I'm going to let you in on a fact that is not necessarily immediately obvious about our site: Most of the questions here in Personal Finance & Money are opinion-based. The reason for this is that personal finance is only partially about math. Personal behavior weighs greatly in personal finance, and the "correct" approach in any situation will involve opinion. Almost any question about budgeting, investing, or spending will involve at least an element of opinion. Even something like tax law, which you might think should be black-and-white, cut-and-dried, often involve opinion to a great extent. (Exhibit A)
"Primarily opinion-based" exists as a close reason network-wide here on StackExchange, but different sites have different criteria for actually using it. On a site like Worldbuilding, every question is entirely opinion-based. For them, they have identified specific criteria that a question has to meet to be allowed. With other sites, such as programming, science, and technology sites, most of their questions are entirely objective, with a minimum of opinion.

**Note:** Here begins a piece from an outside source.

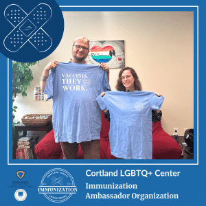 A local example of an initiative that promotes health literacy in Cortland includes the Cortland County Department of Health Community Immunization Ambassador program, of which The Cortland LGBTQ Center is a member. The Immunization Ambassador program is comprised of community members and organizations who volunteer their time to disseminate important health information in the community. Immunization Ambassadors provide outreach and education throughout the community to engage community members, provide five minute trainings on vaccines and how to talk with peers about vaccines, and assist community members with scheduling vaccine appointments, if needed.

Even on those sites, however, there are plenty of questions that involve opinion to make an answer. (Exhibit B)
For our site, we have decided that we don't allow questions which are asking for predictions into the future. Asking "Should I buy XYZ stock?", or "Which is a better investment: Apple or Google?" or "Is now the right time to buy gold?" are all closeable as primarily opinion-based because there is no objective answer possible without a time machine (or at least a crystal ball). Sure, someone could come up with something that sounds like an objective answer using past performance, financial statements, etc., but we have decided as a site that we don't want future prediction speculation on our site.
However, we do have open-ended advice questions on our site all the time, and these are not off-topic. Indeed, they are among our most highly rated, interesting questions. (Exhibit C, Exhibit D).
In my opinion, the question you are pointing to falls under this category. The value of time is on-topic for personal finance, and although the topic is a matter of opinion, the answerers have proven that it can be discussed rationally and objectively. It is a very interesting question that I hope does not get closed. If it does get closed, I will vote to reopen.